Prise de tête

Une des boîtes de Pandore du curriculum

Plusieurs voix viennent de réclamer qu’on réintroduise des cours d’économie au secondaire. Parmi elles, celles d’Alain Bouchard, le PDG d’Alimentation Couche-Tard, Monique Leroux, Louis Audet et Jacques Ménard, respectivement les trois grands patrons de Desjardins, de Cogeco et de la Banque de Montréal.

Généralement – et on peut le comprendre –, on a interprété cette demande comme un appel à enseigner aux jeunes non pas les grandes théories économiques et les débats qui déchirent les spécialistes (monétaristes et keynésiens; autrichiens et marxistes, par exemple), mais plutôt, plus modestement, certaines bases de l’économie, comme faire un budget, calculer des taux d’intérêt composé, planifier l’achat d’une maison et ainsi de suite. Bref: comme une incitation à créer un cours de finances personnelles. Acceptons cette interprétation.

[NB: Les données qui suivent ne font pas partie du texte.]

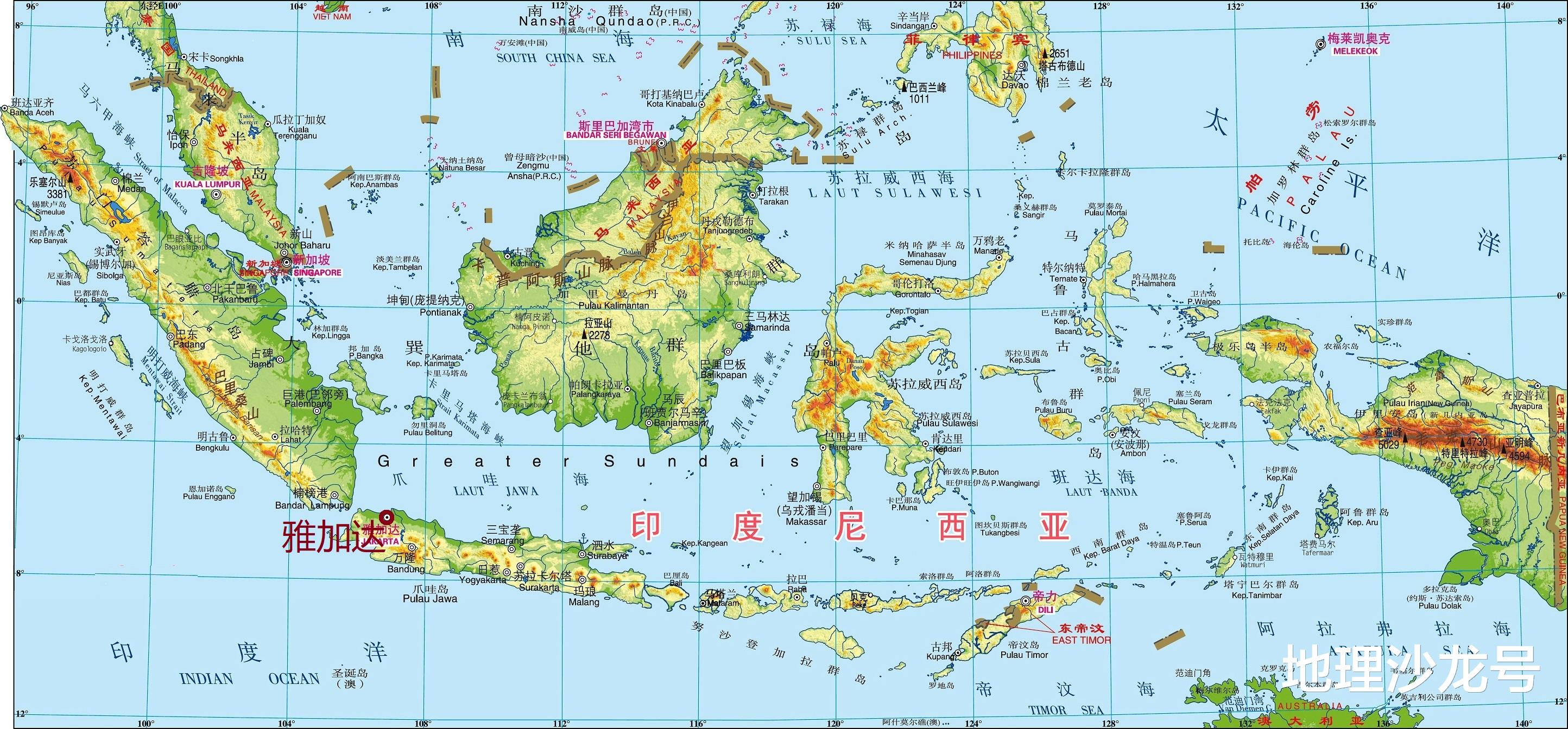 今天,我们来介绍一个受到海水严重威胁的超大城市,那就是印度尼西亚曾经的首都“雅加达”。印度尼西亚是一个地跨亚洲和大洋洲的群岛国家,全国由17000多个岛屿组成,被称为“千岛之国”。由于印度尼西亚所在的地区,位于亚欧板块、印度洋板块和太平洋板块三大板块的消亡边界,三大板块之间的碰撞挤压,使得地层断裂升降,从而形成数量巨大的岛屿,这些岛屿大多都是大陆岛,岛上多山地丘陵地形。

Qui pourrait s’opposer à un tel cours? Les gens sont en effet surendettés, possiblement parce qu’ils ignorent les bases des finances personnelles; l’école semble le lieu tout indiqué pour résoudre ce genre de problème grave, bien réel et qui touche tant de personnes.

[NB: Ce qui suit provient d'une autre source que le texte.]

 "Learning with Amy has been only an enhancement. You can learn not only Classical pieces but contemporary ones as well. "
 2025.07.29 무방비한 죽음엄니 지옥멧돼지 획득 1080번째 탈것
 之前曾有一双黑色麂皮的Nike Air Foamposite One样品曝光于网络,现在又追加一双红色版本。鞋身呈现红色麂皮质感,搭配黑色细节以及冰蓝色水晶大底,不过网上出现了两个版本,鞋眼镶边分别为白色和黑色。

Et pourtant, ce n’est pas aussi simple. C’est qu’avec une proposition de ce genre, on vient d’ouvrir une des boîtes de Pandore du curriculum.

La formation personnelle et sociale

Personne, je pense, ne contestera que l’école, qui a pour mission d’éduquer, doit enseigner des savoirs fondamentaux: la langue, l’histoire, les mathématiques, les sciences et ainsi de suite. Choisir ces savoirs que l’école doit transmettre c’est – rude tâche – en déterminer le curriculum scolaire.

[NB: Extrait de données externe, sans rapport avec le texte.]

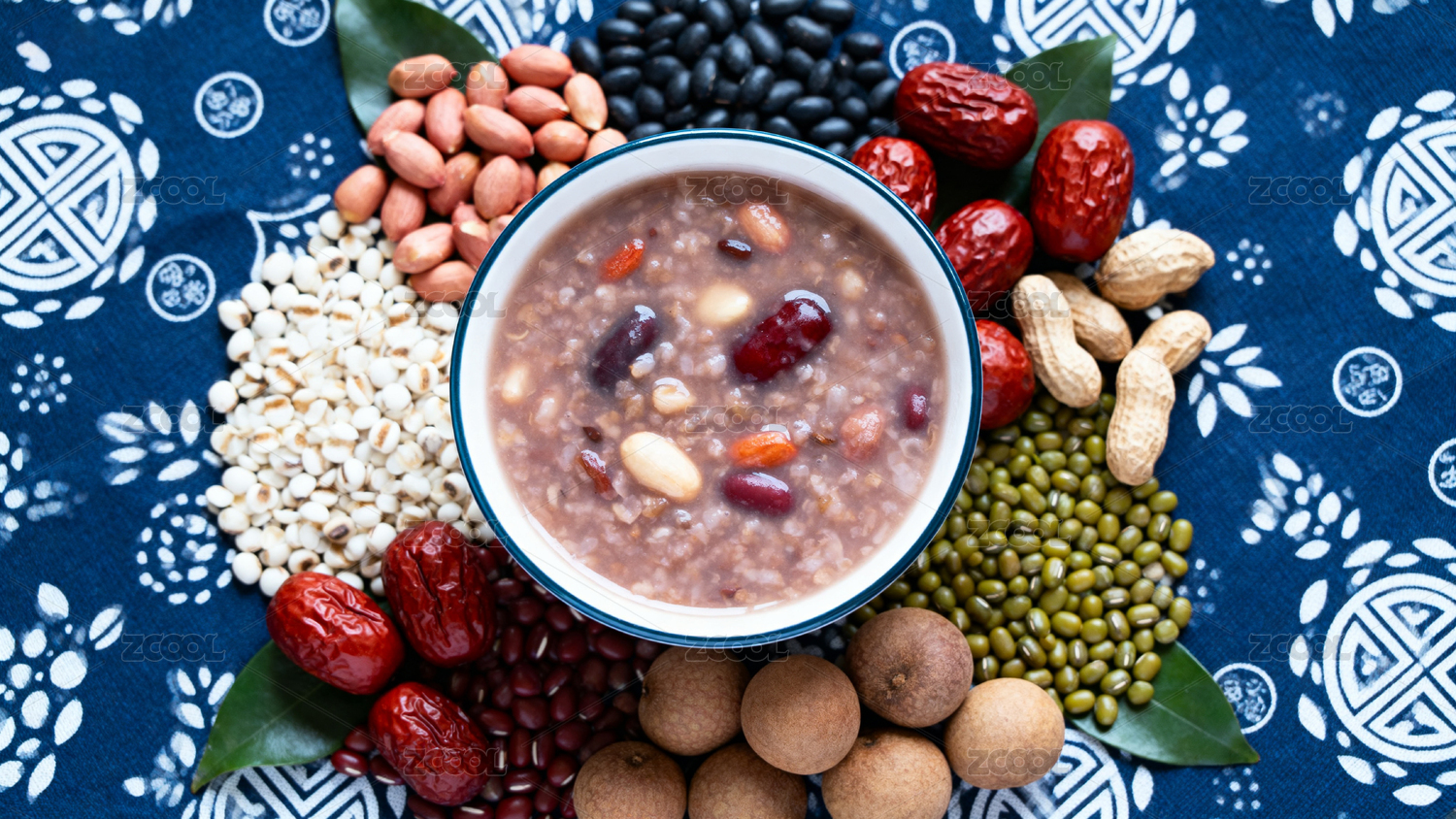 一碗八宝粥和背景里散落的红枣
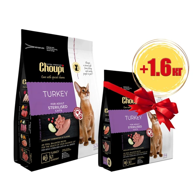 Набір Сухий корм Choupi - для стерилізованих котів, з індичкою 3.2 кг + 1.6 кг
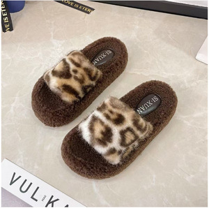 小个子厚底毛毛拖鞋女外穿2025秋冬新款一字豹纹毛绒拖鞋外穿拖鞋
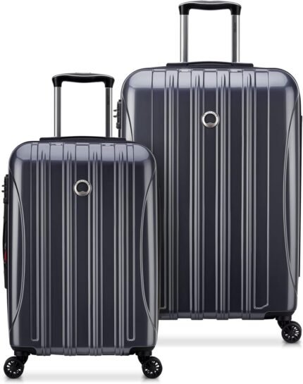 Delsey Luggage Aero 2 Piece Set (21″ & 25″) Spinner Suitcase (Titanium)
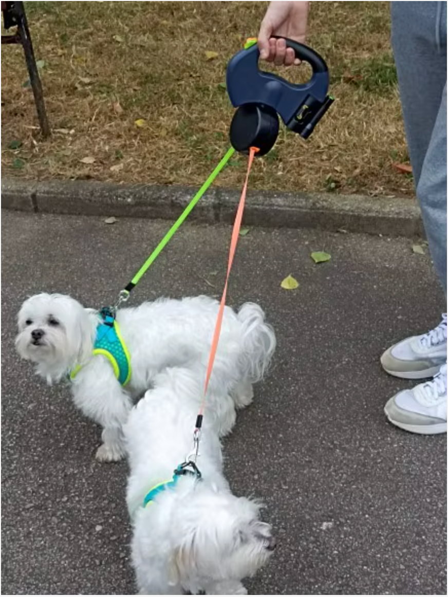 Walk two dogs from one handle: two independent brake/lock buttons and a 360° rotating hub prevent tangles when they cross.
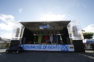 Talvez se tivéssemos investido mais que o dobro do gasto, colocando os adereços em frente e verso nos braços de luz dos postes, o efeito fosse outro. A combinação entre o Desenho de Mãe Melânia (João Martins) e as Flores, Estandartes e Marca da Festa (Marcílio) ficou de uma beleza impar.
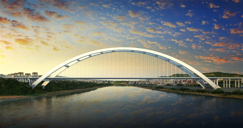 瀘州市藍田過江通道(藍田長江五橋)及連接線工程是《瀘州市跨江通道專項規(guī)劃(2014-2030)》中規(guī)劃的新建8座跨江通道之一,項目包含跨江主橋、兩岸引橋、學院中路升級改造、未來大道延伸線工程等,總投資約35.74億元。其中,主橋凈跨徑為570m鋼箱拱橋、雙向六車道,總寬48.5m,總長度為612m,為目前在建世界最大跨徑中承式鋼箱拱橋。
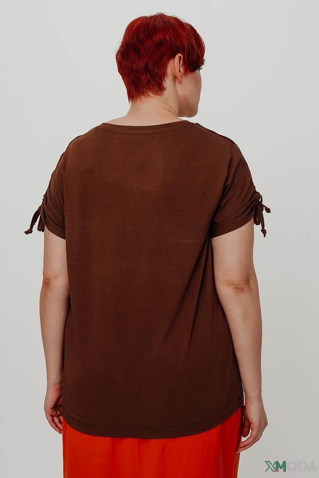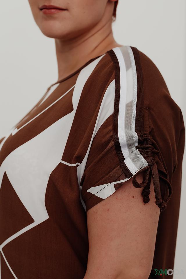 Блуза Frapp коричневого цвета с оригинальным геометрическим принтом станет стильным дополнением вашего гардероба. Модель выполнена из мягкой вискозы с добавлением эластана, обеспечивающего комфорт при носке. Завязки на рукавах добавляют образу изюминку. Состав: вискоза 90%, эластан 10%

Et personne ne niera non plus que l’école remplit d’autres fonctions qu’éduquer: elle socialise et qualifie les élèves, et elle est donc appelée à remplir d’autres tâches que de simplement transmettre un curriculum scolaire.

Il est dès lors tentant d’y insérer des formations qui, justement, contribuent à la socialisation et à la qualification des élèves, notamment à propos de problèmes graves, bien réels et répandus, comme ceux que veulent résoudre ces cours de finances personnelles. De tels cours, souvent appelés de formation personnelle et sociale, visent à aider les futurs adultes à faire des choix de vie de citoyens responsables et éclairés.

C’est un noble idéal, dira-t-on, d’autant que l’école, en offrant ces cours, comble un peu de ces différences, parfois énormes, de savoirs et d’habiletés des enfants, en raison de la provenance de leur milieu familial. L’école travaille donc ainsi à promouvoir l’égalité des chances.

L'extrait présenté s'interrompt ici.